The song was covered by British reggae band UB40 in 1980. It was released in June 1980 as the second and final single from their debut album, Signing Off. The song reached number 6 in the UK. The UB40 single was a double A-side with "My Way of Thinking", which was the first-named track and received most of the radio airplay. However, the German single (which appeared later) had "I Think It's Going to Rain Today" as the A-side. The group covered the song for bandmembers Robin and Ali Campbell's father, folksinger Ian Campbell, who was a fan of Newman and who had recorded his own version of the song in the 1960s.

=== Charts ===

| Chart (1980–1981) | Peak position |
|---|---|
| Australia (Kent Music Report) | 90 |
| Ireland (IRMA) | 12 |
| New Zealand (Recorded Music NZ) | 6 |

==Other cover versions==
The song was covered numerous times by a variety of artists, especially during the late 1960s and early 1970s.

| Artist | Album | Year |
|---|---|---|
| Judy Collins | In My Life | 1966 |
| Bobby Darin | Inside Out | 1967 |
| Dusty Springfield | Dusty... Definitely | 1968 (UK) |
| Claudine Longet | Colours | 1968 (US) |
| Rick Nelson | Perspective | 1969 |
| Peggy Lee | A Natural Woman | 1969 |
| Nina Simone | Nina Simone and Piano | 1969 |
| Leonard Nimoy | The Touch of Leonard Nimoy | 1969 |
| Rick McClellan | Frozen Sunshine | 1969 |
| Neil Diamond | Stones | 1971 |
| Françoise Hardy | If You Listen | 1971 |
| Dave Van Ronk | Van Ronk | 1971 |
| Barbra Streisand | Release Me (2012 release of 'Stoney End' session; Newman on piano) | 1971 |
| Brian Short | Anything for a Laugh | 1971 |
| Cass Elliot | Cass Elliot | 1972 |
| Bobby Doyle | Nine Songs | 1973 |
| Melanie | Madrugada | 1974 |
| Joe Cocker | Jamaica Say You Will | 1975 |
| Cleo Laine | Born on a Friday | 1976 |
| Tony Rice | Cold on the Shoulder | 1984 |
| Katie Melua | Call Off the Search | 2003 |
| Norah Jones | Higher Ground | 2005 |
| Curtis Stigers | I Think It's Going to Rain Today | 2005 |
| Audra McDonald | Build a Bridge | 2006 |
| Madeleine Peyroux | Half The Perfect World | 2006 |
| Peter Gabriel | Scratch My Back | 2010 |
| Paul Carrack | A Different Hat (with Royal Philharmonic Orchestra) | 2010 |
| Tom Odell | Long Way Down | 2013 |
| Blackmore's Night | Dancer and the Moon | 2013 |

==In popular culture==
Bette Midler included the song in her film Beaches (1988) and it appears in the soundtrack recording.

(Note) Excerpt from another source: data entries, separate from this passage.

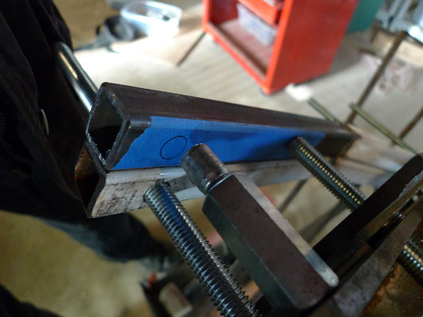 Now the hard parts, centering and lining up the holes. The first once just needs to be centered along the length of the tube.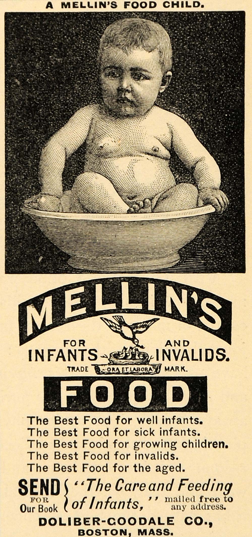 Advertisment stating that their formula milk is the best food for infants. They also played on the fact that people viewed a healthy baby as a chunky one, so displayed pictures of chunky, robust babies as 'a melin's food baby'.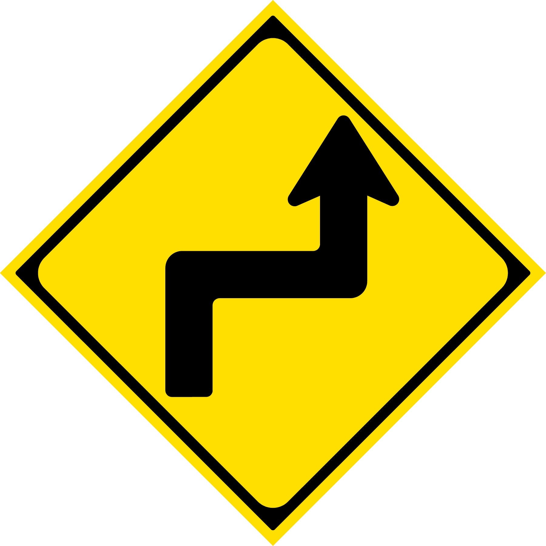 警戒標識 S205 右(または左)背向屈折あり ステッカー600角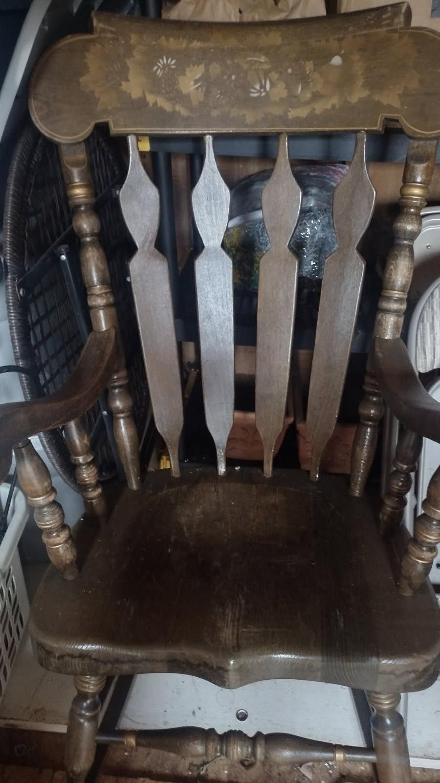 This chair is very heavy well made. Could be a project. Could be beautiful. I have no space for it hate to see it go. Offers welcome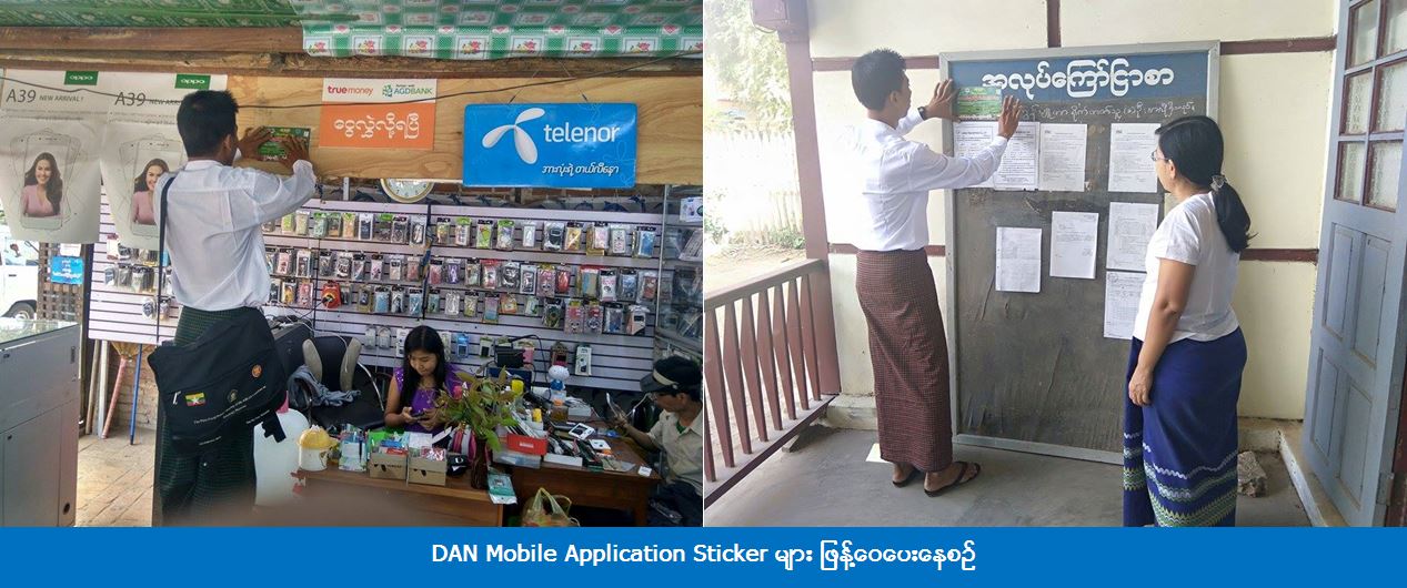 လူမှုဝန်ထမ်း၊ ကယ်ဆယ်ရေးနှင့် ပြန်လည်နေရာချထားရေးဝန်ကြီးဌာန ပြည်ထောင်စုဝန်ကြီး၏ ရက် ၁၀၀ အလွန်ဆောင်ရွက်မည့်စီမံကိန်းများအရ ကယ်ဆယ်ရေးနှင့် ပြန်လည်နေရာချထားရေးဦးစီးဌာနသရက်ခရိုင်ဦးစီးမှူးရုံးမှ တာဝန်ရှိသူများသည် (၁၀-၁-၂၀၁၇) ရက်နေ့တွင် သရက်ခရိုင်၊ အောင်လံမြို့ရှိ မိုဘိုင်းဖုန်းအရောင်းဆိုင်များ၌ သဘာဝဘေးအန္တရာယ်နှင့်စပ်လျဉ်းသည့် ပုံမှန်သတင်းများ အရေးကြီးမိုးလေဝသသတင်းများ အရေးပေါ်ဖုန်းနံပါတ်များ သဘာဝဘေးအန္တရာယ်ဆောင်ရန် ရှောင်ရန်အချက်များပါဝင်သည့်လက်ကမ်းစာစောင်များ ဘေးအန္တရာယ်နှင့်စပ်လျဉ်းသည့် ကြိုတင်သတိပေးချက်ပေးပို့သည့်စနစ်များပါဝင်သည့် DAN Mobile Application အကြောင်းရှင်းလင်းပြောကြားခြင်းနှင့် DAN Mobile Application Sticker များအား ဖြန့်ဝေခြင်းလုပ်ငန်းများကို ဆောင်ရွက်ခဲ့ပါကြောင်း သိရှိရပါသည်။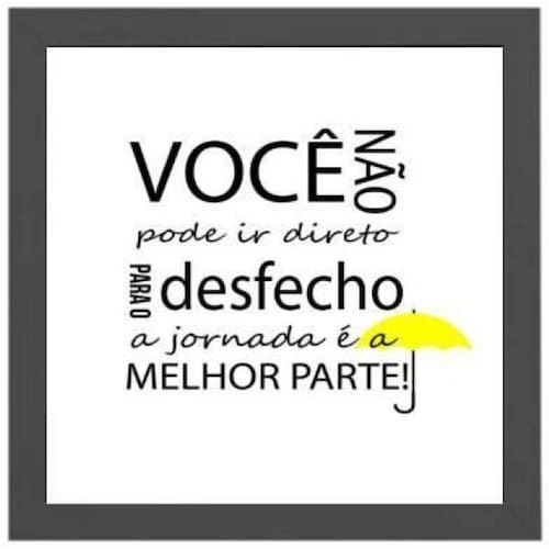 Quadro quadrado a jornada é a melhor parte 20x20cm Moldura: madeira preta Informações do produto tire todas as suas dúvidas no descritivo abaixo: decoração para quarto, sala, cozinha, escritório, área gourmet e muito mais. Chega de paredes vazias medidas - cada peça tem 20x20cm. Material do papel - papel fotográfico brilhante de altíssima resolução acabamento - todos os quadros são acompanhados de uma película de acetato para proteção da imagem. - os quadros são embalados de forma segura com plástico bolha com camada dupla de acordo com o tamanho dos quadros. - de 3 meses. Meu quadro chegou. Como posso fixá-lo Você precisa apenas de um martelo e um prego, pois os quadros já vão acompanhados de penduradores. Esta é a forma mais indicada. Caso prefira, você pode utilizar uma fita dupla face neste caso, sugerimos de alta qualidade para evitar que descole e seu quadro caia . Como posso limpar meu quadro A limpeza é feita como um móvel comum da sua casa. Apenas um pano seco ou espanador são suficientes para tal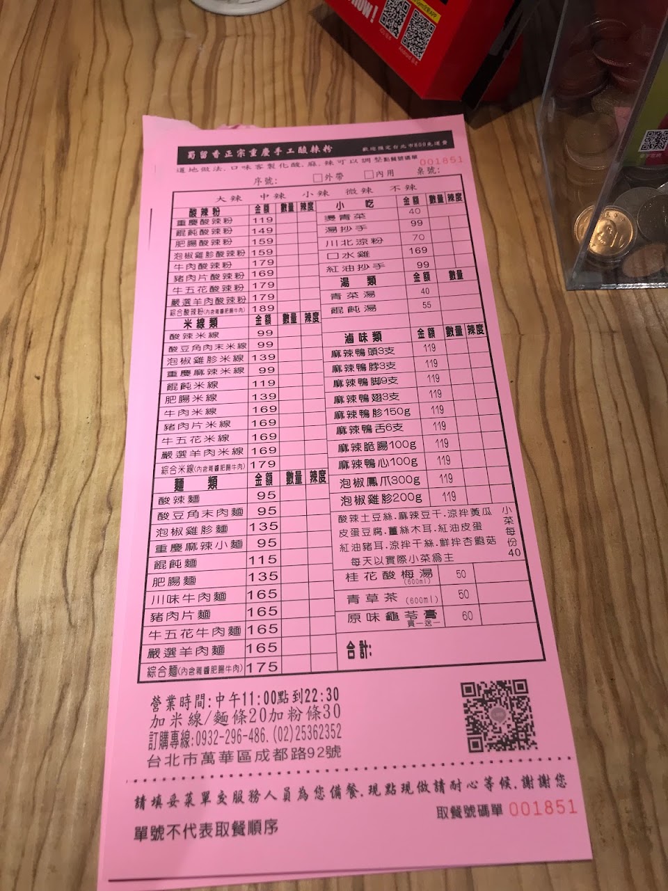 點了大辣還是沒有辣 感覺跟正宗的差了九條街 可能是為了迎合台灣人的口味做調整吧!如果去過重慶吃正宗的 會覺得很失望 因為它的口味調整成大眾比較能接受的口味 但還是推薦沒吃過正宗的人來嘗試看看!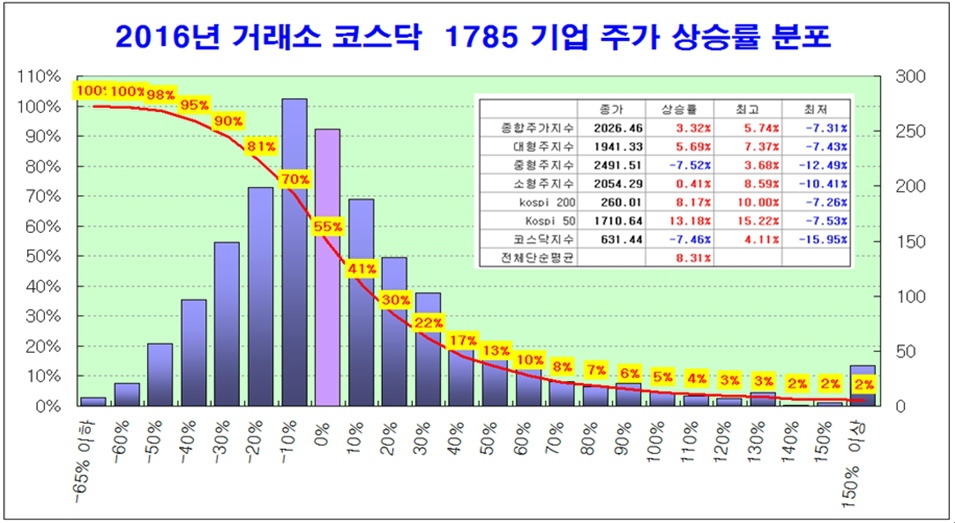 실제 2015년 연말 주식을 사서 1년간 보유했을 때 등락률을 보면 등락 분포가 손실쪽으로 치우쳐 있다. 거래소와 코스닥 보통주 1785개 전체 기업을 대상으로 2016년 상승률 분포를 분석해 보면 아래와 같다.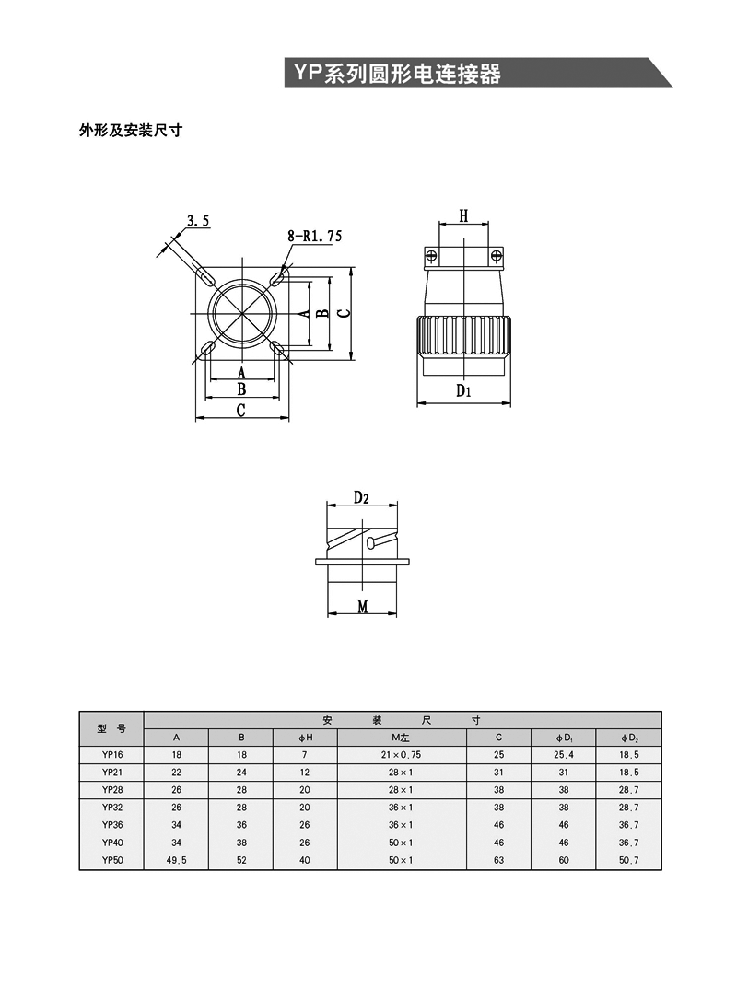 YP系列圓形航空插頭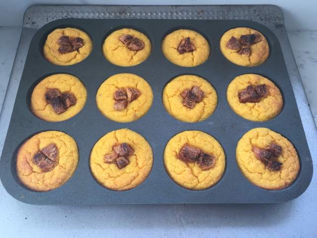 8) Portion batter into the silicon or very well greased muffin tins (or you can use cupcake liners for ease of extraction). Top with the pieces of figs.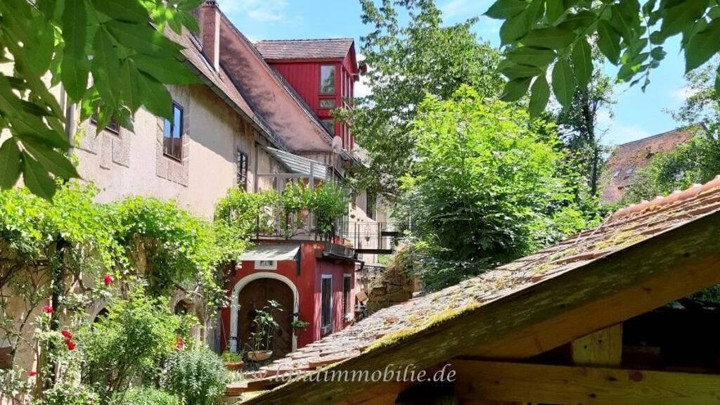 Gartenfreunde und Ruhesuchende finden auf dem an das Haus angrenzenden Grundstück ein wahres Paradies. Sichtgeschützt bis uneinsehbar erstreckt es sich hinter dem Gebäude bis direkt an den Ortsrand bzw. den renaturierten Mühlkanal der Wörnitz – natürlich mit eigenem Bootssteg! Durch die Neuanlage nach Planung der Eigentümer untergliedert sich das weitläufige Grundstück in einen landschaftsparkartigen Garten mit überdachtem Freisitz zur Wörnitz hin und einem weitläufigen Bauerngarten mit Blumenbeeten, Rasen, Obst- und Gemüsebeeten, der an die alte Schlossmauer grenzt. Eine in der Nachbarschaft liegende Scheune mit großzügigen Stell- und Lagerflächen kann auf Wunsch für weitere 50.000,- Euro erwoben werden.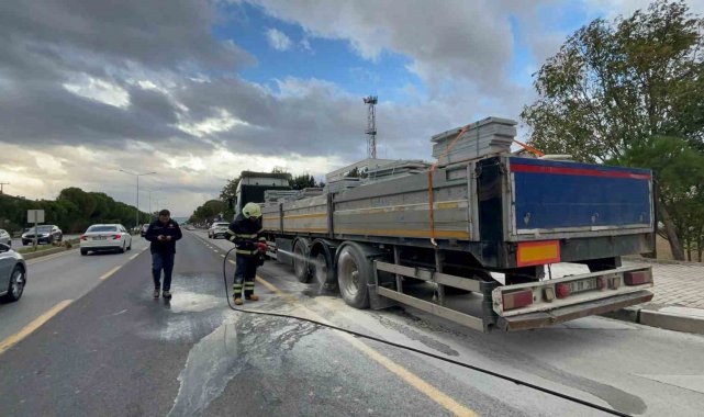 Muğla'nın Menteşe ilçesi Atatürk Bulvarında seyir halindeyken fren tutmayan 48 DM 368 plakalı mermer yüklü TIR'ın balatalarında yangın çıktı. İtfaiye ekipleri yangını kısa sürede söndürdü.
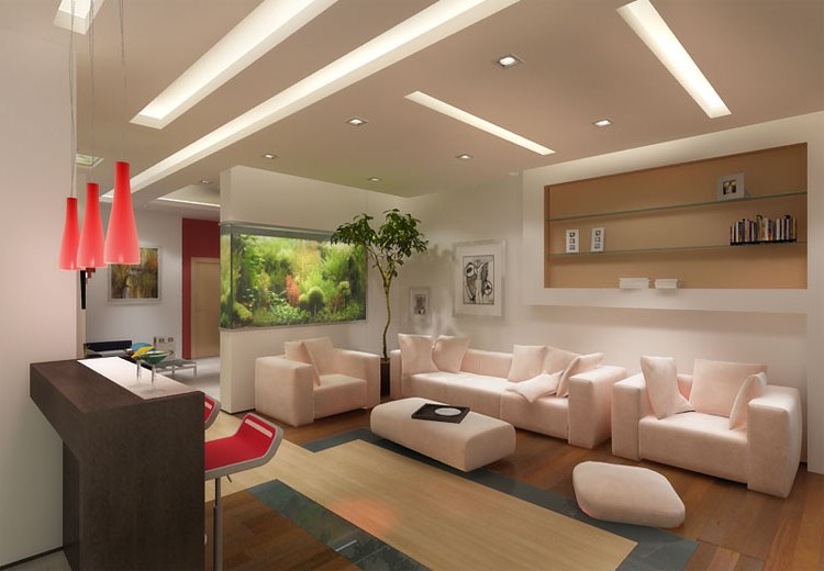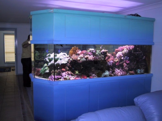 Split the room can and a huge aquarium, which will add to the interior of the mystery of the sea depths. Especially beautiful it will look in combination with blue shades in the design of the room.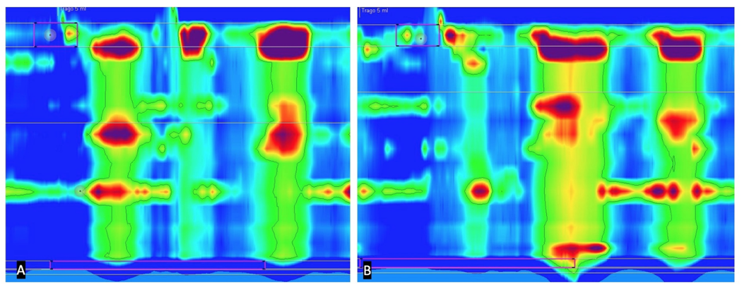 Figura 3. Manometría esofágica. Sonda bucleada en tercio distal esofágico. Ondas fallidas en la segunda (A) y en la décima (B) deglución con presurización panesofágica tras cada una de ellas.
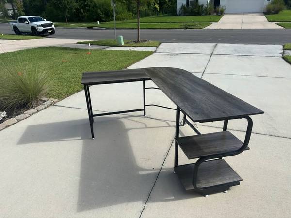 The direct Amazon search is “Teraves Reversible L Shaped Desk with Large Surface”. Dimensions are 69” long and 29” tall. Desktop width is 21”. It’s already assembled and has all of the screws and pieces, it’s still very sturdy. It’s listed on Amazon at $160, I’m asking for $115. I am located in Green Cove. I am unable to transport the desk to you, so you would have to come pick it up. You can reach me via text at show contact info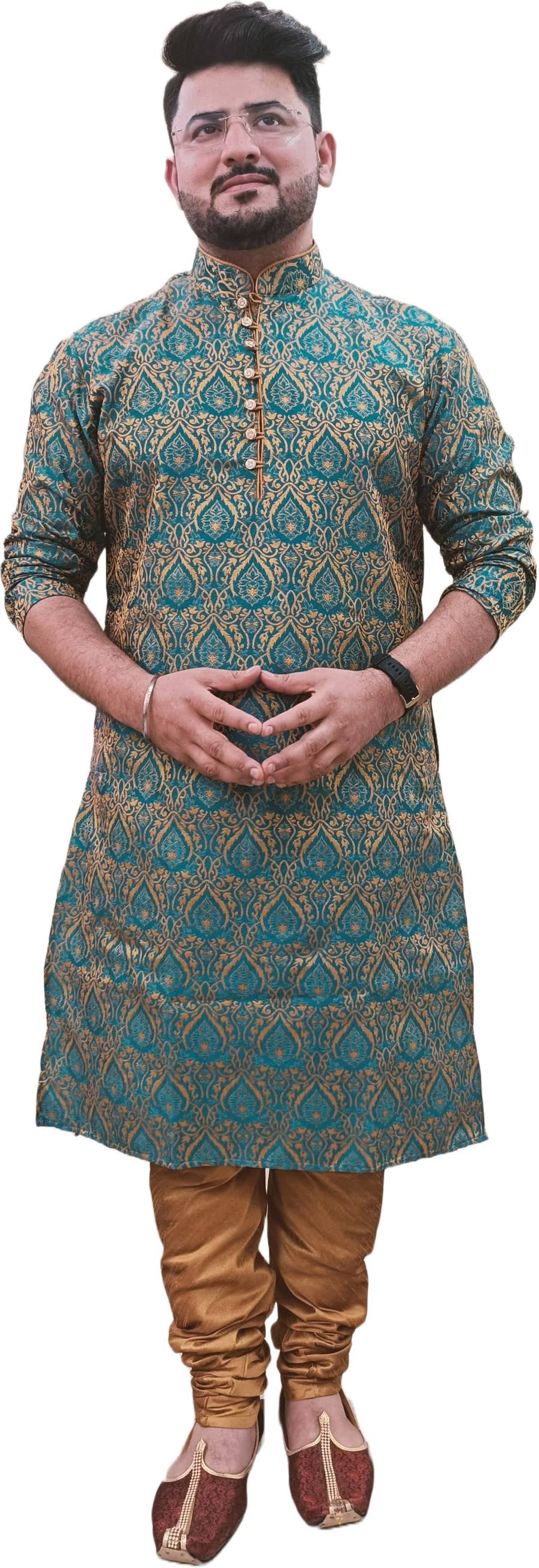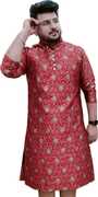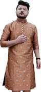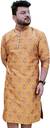Over Crowd Men Printed Straight Kurta (Yellow)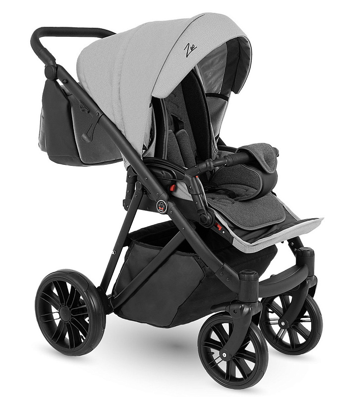 Детская коляска 2 в 1 Camarelo Zeo ZEO'23-12, светло-серый жаккард-чёрная экокожа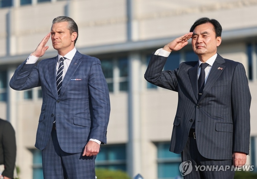 Bộ trưởng Quốc phòng Hàn Quốc Ahn Gyu-back và Bộ trưởng Bộ Chiến tranh Mỹ Pete Hegseth nhóm họp tại Seoul hôm 4-11-2025. Ảnh: Yonhap News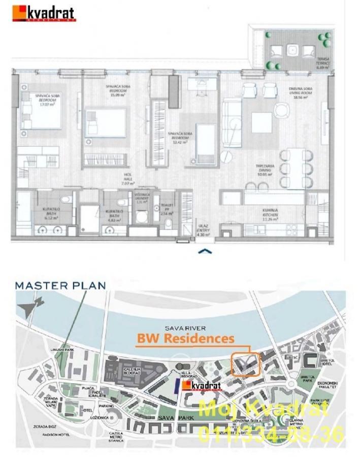 Savski venac, Beograd na vodi - Hercegovačka (BW Residences) - PRESTIŽ PRIPADA PRVOM REDU DO REKE 4.0, 117m2 (terasa 6m2), CG, lift, 6/20, telefon, interfon, garaža Moderni četvorosobni stan sa prostranim sobama i prozorima od poda do plafona, projektovan tako da kreira svet savremenog komfora ukomponovanim sa urbanim duhom. Pogled ka Savi i Kalemegdanu iz dnevne zone, kao i iz svake spavaće sobe, oduzima dah. U blizini su i najveći tržni centar u regionu - Galerija, impresivna Kula Beograd – St. Regis Residences i Savski Park. Udobnost života u BW Residences je bez premca u Beogradu. Prostor za rekreaciju sadrži teretanu, bazene za decu i odrasle, kao i igraonicu za najmlađe, a stanari imaju i pristup privatnoj bašti. U prizemlju zgrade se nalaze brojni poznati lokali i kafići gde možete provoditi prijatne trenutke sa bliskim ljudima. Moguća je kupovina garažnog mesta na nivou -1 po ceni od 40.000 eura. BW Residences je prvi stambeni objekat u okviru Belgrade Waterfronta namenjen kako mladim, urbanim profesionalcima, tako i porodicama koje žele život u modernom domu u okviru lepo održavanog i sigurnog stambenog ambijenta. Karakteristike: ♦ Ulazni lobi sa recepcijom, obezbeđenjem i izdvojenim delom za prijem pošte, ♦ Podzemna garaža, parking za bicikle, ♦ Koncept otvorene kuhinje, višeslojni parket u sobama, ♦ Prozori od poda do plafona, ♦ Pločice na podu i zidovima u kupatilu, i podu u kuhinji, ♦ Kupatilo opremljeno sanitarijama, ugradna tuš kabina sa staklenim paravanom, ♦ Bazen i teretana. Uknjižen na 117m2 korisne površine. Agencijska provizija 2%

A portion of Claudine Longet's version of the song is played in the Episode 22, Season Five of the Gilmore Girls, "A House is Not a Home." The song is also featured in the TV series Designated Survivor in the episode, "Two Ships". Nina Simone's version of the song's first verse was the opening theme for the BBC One series Broken. Simone's version also appears in the "Spies Like Us" episode from season two and “The Decision” from season six of the TV series Scandal. A short excerpt of the song is played in the final episode of the Childhood's End miniseries. The song is also played in the movie "Mr. Monk's Last Case: The Monk Movie" released in 2023 sung by Randy Newman. The version performed by Lauren O'Connell was played in Season 6, Episode 20 of The Good Wife.